2.  Test your app thoroughly before releasing it.  Carpenters have an old adage:  “Measure twice, cut once.”  The corollary for app developers:  Take advantage of readily available free or low-cost methods for testing the security of your apps before you put them into consumers’ hands.

3.  Consider how people will use your apps.  There’s a reason why SSL is so important in the mobile environment and why the iOS and Android developer documentation makes such a big deal about it:  because people often use mobile apps on unsecured public Wi-Fi networks.  Like chess players, developers need to think a few moves ahead.  Before releasing an app, think through how people are likely to use it and secure it with those real-world considerations in mind.

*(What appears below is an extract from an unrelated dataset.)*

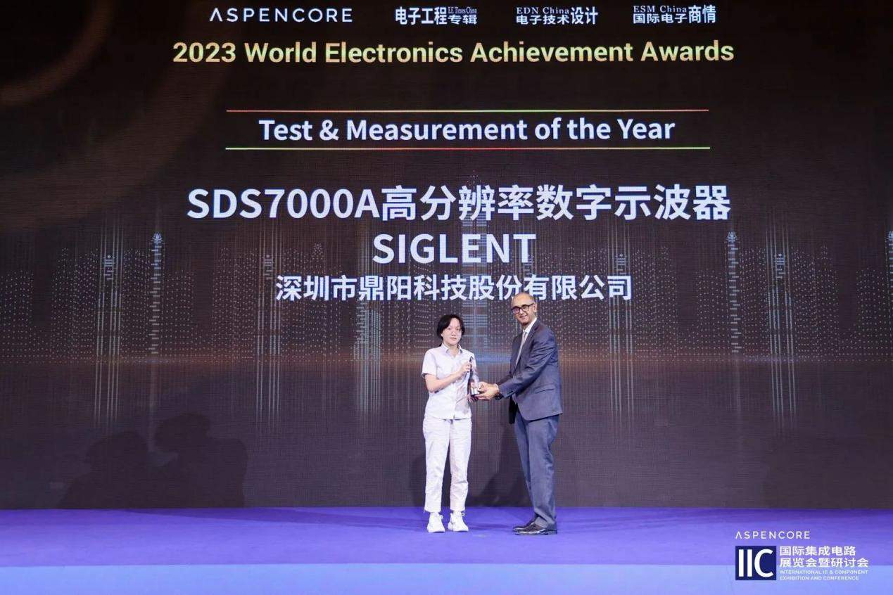 鼎陽科技本次參展展品SDS7000A系列數(shù)字示波器除了受到工程師們廣泛關(guān)注外,在與IIC國際集成電路會議同期舉辦的全球電子成就獎(jiǎng)的頒獎(jiǎng)典禮上,SDS7000A亦以其強(qiáng)悍的性能斬獲由ASPENCORE主辦的全球電子成就獎(jiǎng)——年度測試與測量獎(jiǎng)。

4.  You’re responsible for what others do on your behalf.  According to the complaint, Credit Karma authorized a service provider to disable the SSL certificate validation process during pre-release testing, but didn’t see to it that the security settings were restored after that.  The first concern:  The testing could have been done without turning the defaults off.  But even so, it’s critically important that companies make sure everything is back in apple pie order before consumers get the app.

5.  Keep your ear to the ground.  There’s an active research community out there that shares information about potential security vulnerabilities.  But by responding to a serious warning with a standard “bedbug letter,” Fandango missed the opportunity to fix the problems.  Has a knowledgeable person contacted your company recently about a potential risk?  And is that message languishing unread in an email box?

6.  Consult available resources. The FTC brochure, Mobile App Developers: Start with Security, offers advice for companies about protecting against this type of vulnerability:

To protect users, developers often deploy SSL/TLS in the form of HTTPS. Consider using HTTPS or another industry-standard method. There’s no need to reinvent the wheel.  If you use HTTPS, use a digital certificate and ensure your app checks it properly. A no-frills digital certificate from a reputable vendor is inexpensive and helps your customers ensure they’re communicating with your servers, and not someone else’s.  But standards change, so keep an eye on current technologies, and make sure you’re using the latest and greatest security features.

Bookmark the FTC’s Privacy & Security page and consult other public sources for free information about developing safer apps.